START PROVIDED MATERIAL

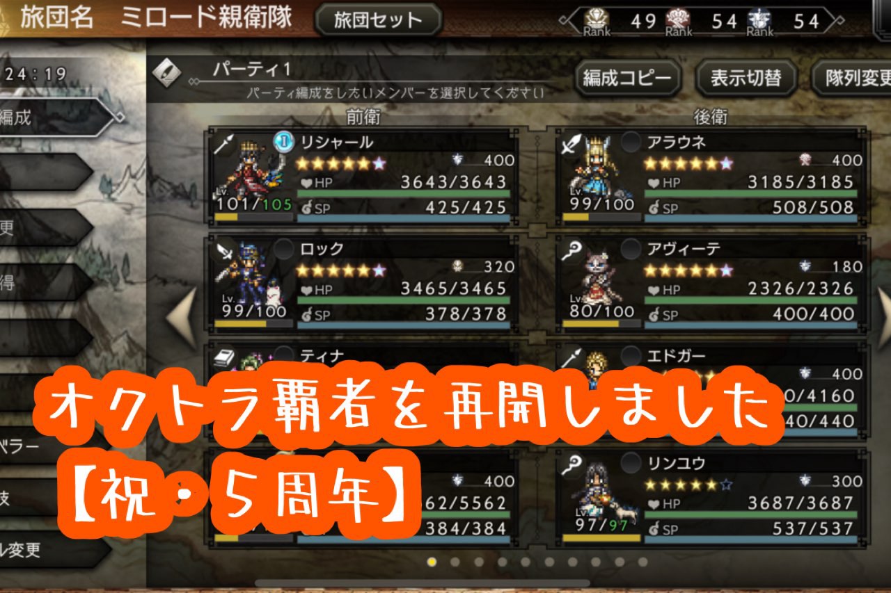最近ようやく落ち着いてゲームをプレイする余裕ができたため、長く放置していたオクトラ大陸の覇者をFF6コラボあたりからちびちびと再開しています。
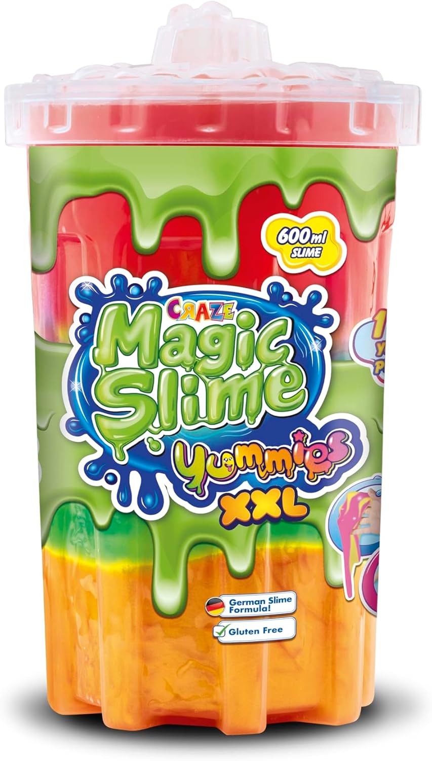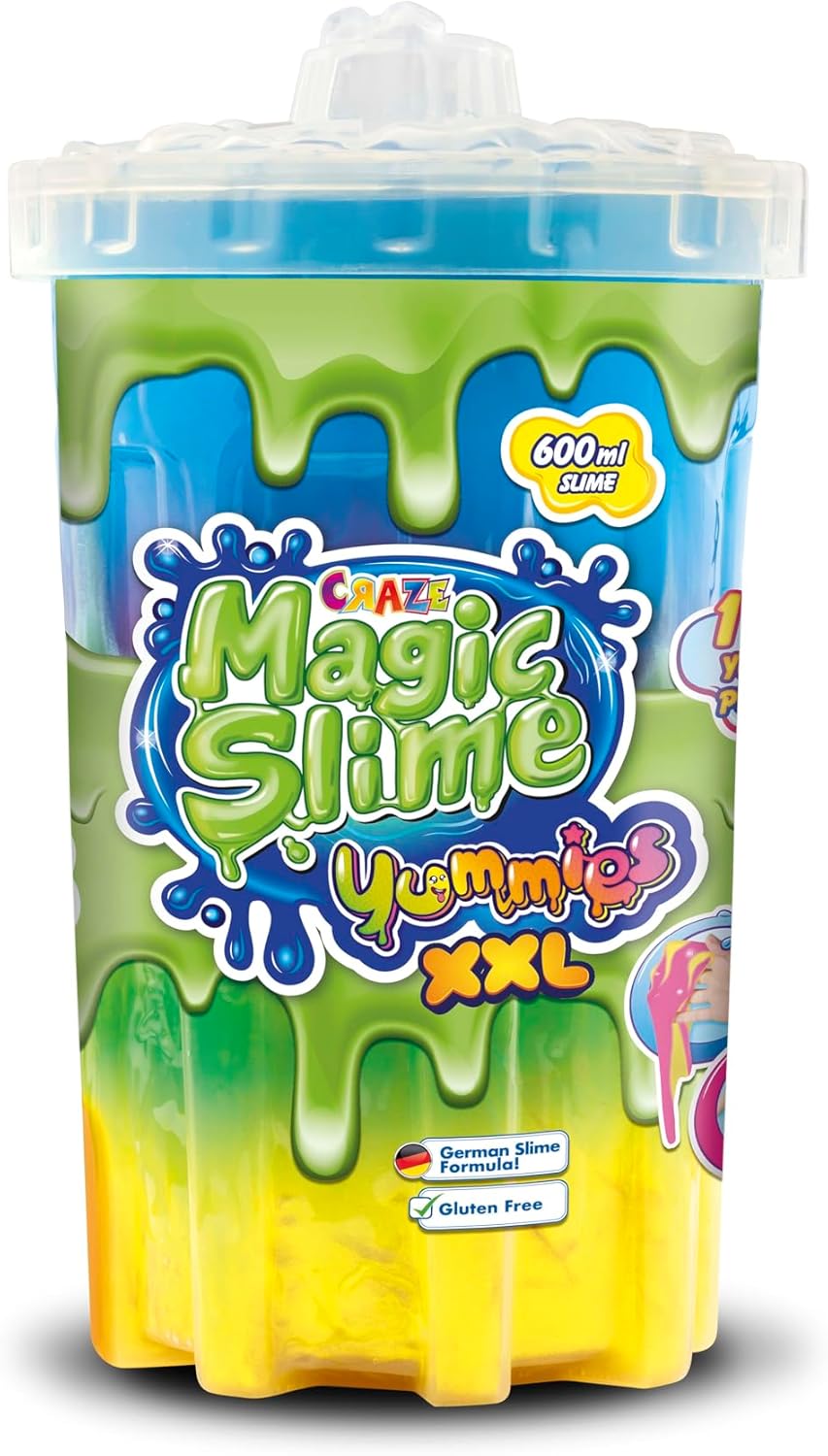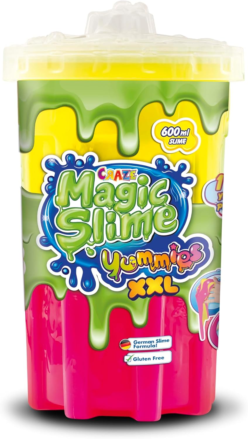 Preparatevi all'ultima avventura di slime con l'eccitante MAGIC SLIME - Yummies : Ogni barattolo contiene 600 ml di slime in un mix di 2 colori diversi - Divertitevi con i diversi personaggi a ventosa nascosti in ogni barattolo: Burggie, Ghetti, Tortoy e Rabi CRAZE MAGIC SLIME: questo slime soffice è perfetto per essere tirato, spremuto, schiacciato o semplicemente guardato mentre si scioglie e cola. La melma più colorata e divertente per i bambini! CREATIVO E SENSORIALE: il coloratissimo slime per bambini di CRAZE incoraggia la stimolazione sensoriale e offre lo spazio di gioco perfetto per un'esperienza sensoriale olistica che stimola i sensi del tatto, dell'olfatto e della vista. CONTENUTO : 600 ml di slime confezionati in un barattolo con un divertente design a secchiello per mantenere più a lungo la consistenza appiccicosa dello slime + 1 nuova tettarella per slime - 4 diverse combinazioni di colori di slime e 4 diversi personaggi (non è possibile effettuare una preselezione) FORMULA: lo slime per bambini CRAZE è realizzato secondo una formula tedesca ed è privo di tossine e ingredienti pericolosi per i bambini; sicuro da usare, inodore, senza BPA e senza glutine.
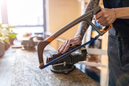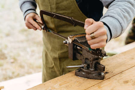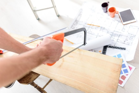 It will not be difficult. Close up of man holding saw in his hand and sawing wooden board
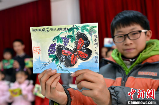 12月22日,苏州小朋友在凋落的银杏叶子上画蝴蝶,赋予了树叶新的生命,借此提倡环保。图为小朋友展示完成的银杏叶“化”彩蝶作品。中新社发 王思哲 摄
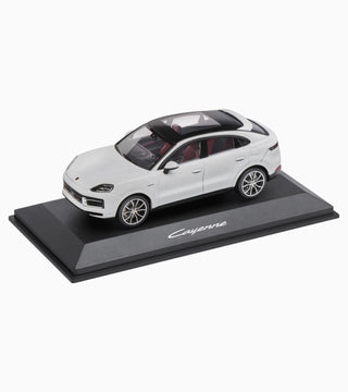The exclusive 1:43 scale model of the Porsche Cayenne E-Hybrid Coupé (E3 II) impresses with its attention to detail and is a must-have for any collector. Its accompanying packaging also renders it an ideal gift for all Porsche enthusiasts. Exterior in carrara white metallic, interior in black/burgundy red.
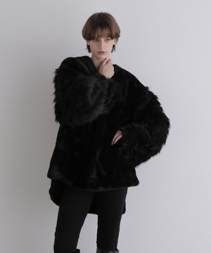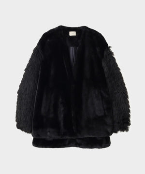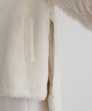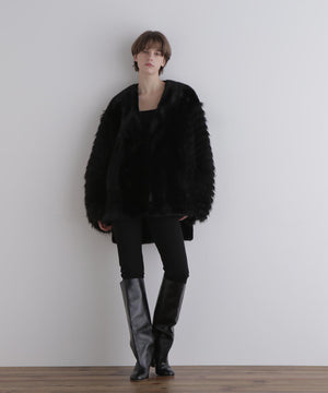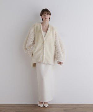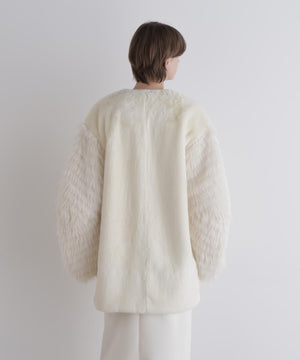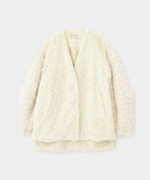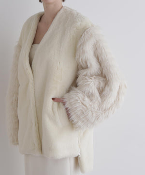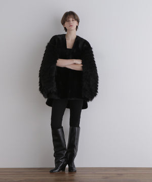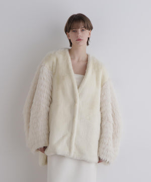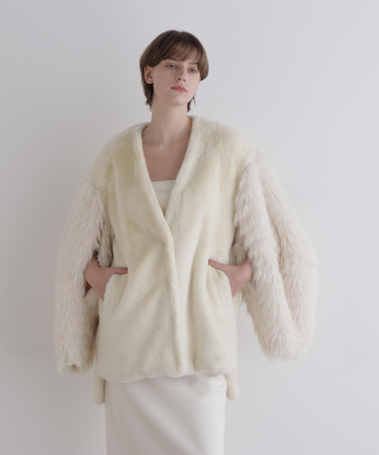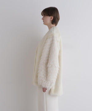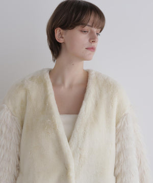 表情の違う2種類のファーを組み合わせたカーディガンのようなコートです。
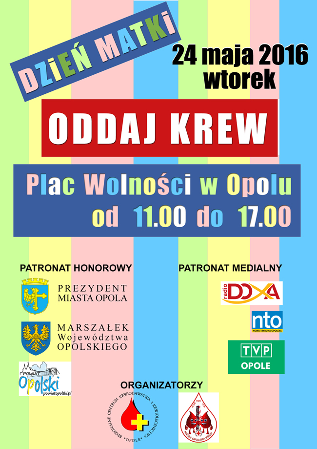 Oddaj krew 24 maja 2016 r. na Placu Wolności w Opolu
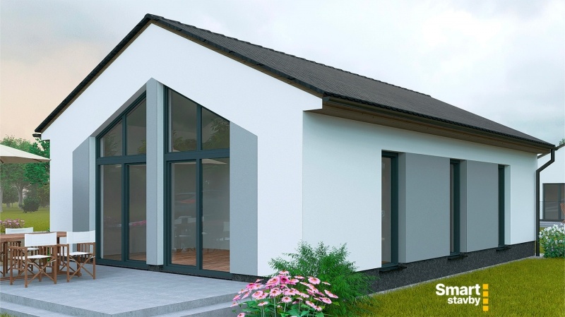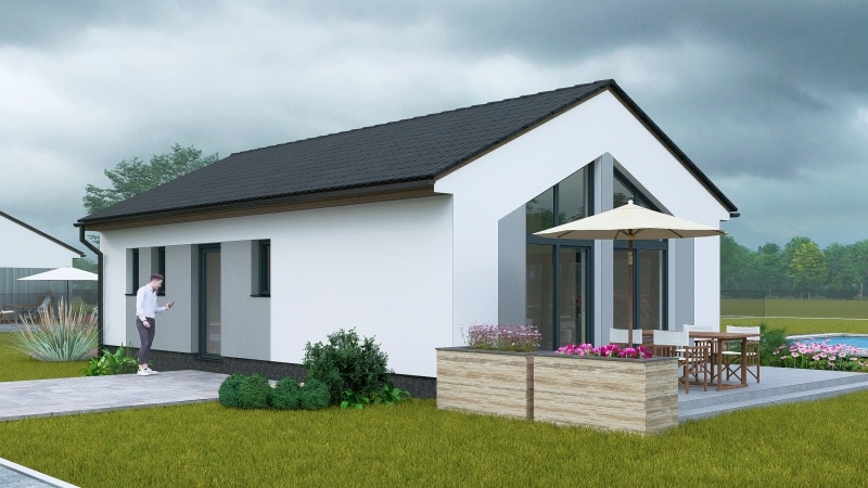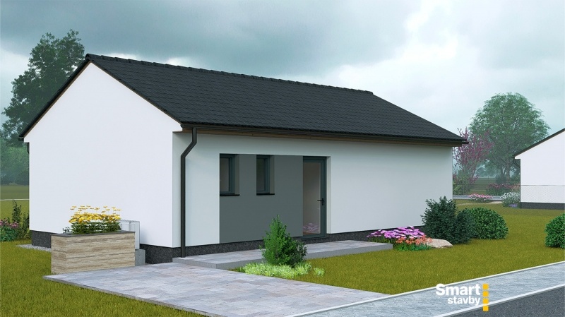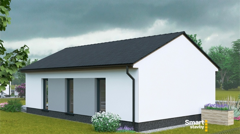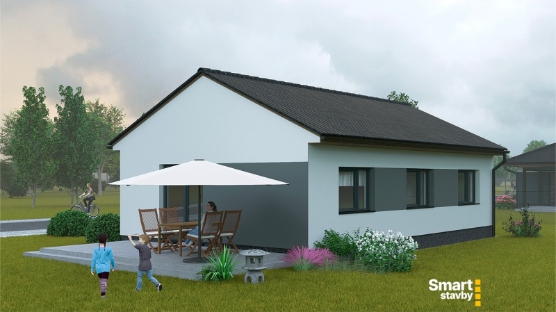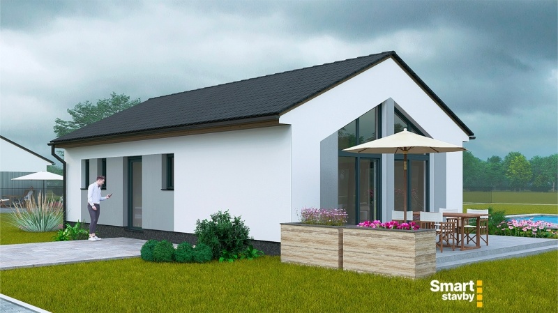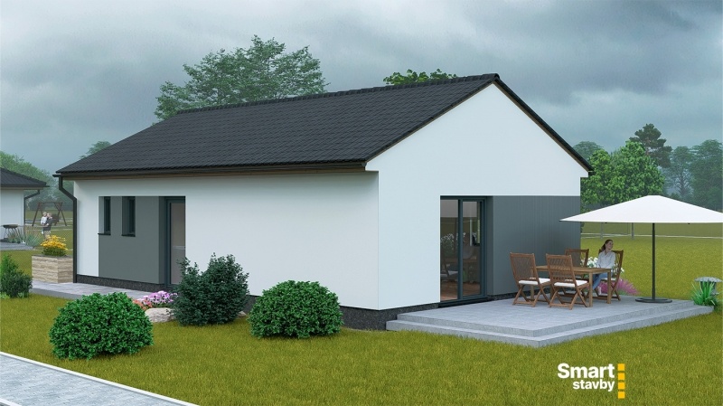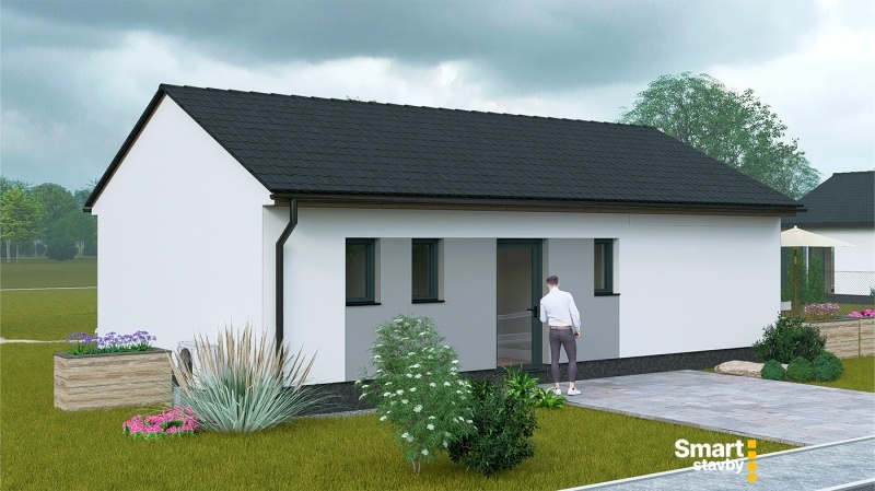 Bungalov SMART Výminek je navržen jako ideální startovací bydlení pro mladé páry nebo jako komfortní a bezbariérový dům na stáří. Tento dům s dispozicí 3 + kk efektivně využívá každý metr čtvereční.
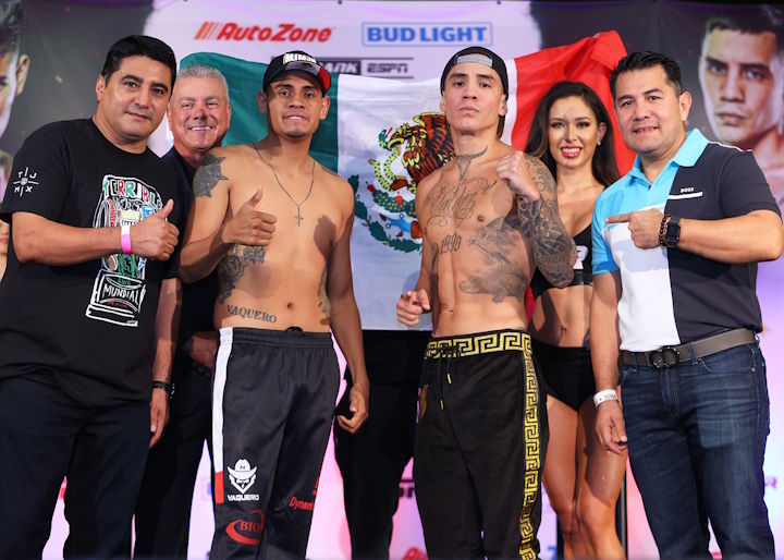 今天,现WBO次轻量级拳王/三个级别的世界冠军墨西哥人伊曼尼尔-纳瓦雷特(37-1,31KO)和前两个级别的世界拳王同胞奥斯卡-瓦尔德兹(31-1,23KO)在美国格兰岱尔沙漠钻石体育场举行了赛前称重仪式。北京时间8月13日上午,两人将进行一场预定为12个回合的次轻量级拳王争霸战,纳瓦雷特第一次卫冕WBO-130磅的世界拳王。纳瓦雷特今天称重130磅,奥斯卡-瓦尔德兹129.8磅,两人一次过关。
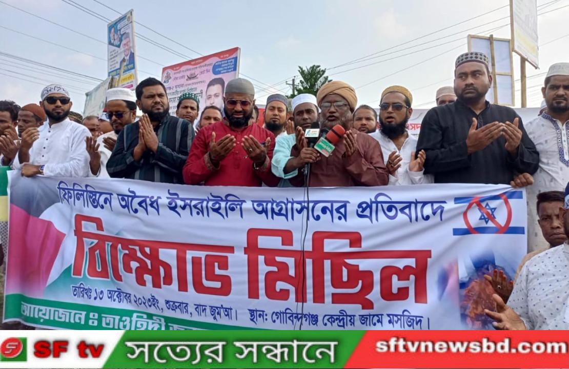 গোবিন্দগঞ্জে ফিলিস্তিনে অবৈধ ইসরাইলী আগ্রাসনের প্রতিবাদে বিক্ষোভ মিছিল
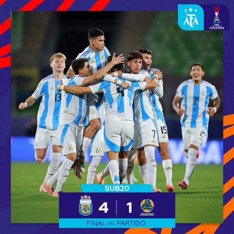 10月2日讯 世青赛小组赛第二轮赛事 ,阿根廷4-1击败澳大利亚,提前晋级下一轮 16强。

END PROVIDED MATERIAL

ABOUT THIS EXERCISE:
Copy exactly the lines of the entries above from the one containing "Oddaj krew 24" through the one containing "Bungalov SMART Výminek". Both end lines count; pictures do not.

REPLY:
 Oddaj krew 24 maja 2016 r. na Placu Wolności w Opolu
 Bungalov SMART Výminek je navržen jako ideální startovací bydlení pro mladé páry nebo jako komfortní a bezbariérový dům na stáří. Tento dům s dispozicí 3 + kk efektivně využívá každý metr čtvereční.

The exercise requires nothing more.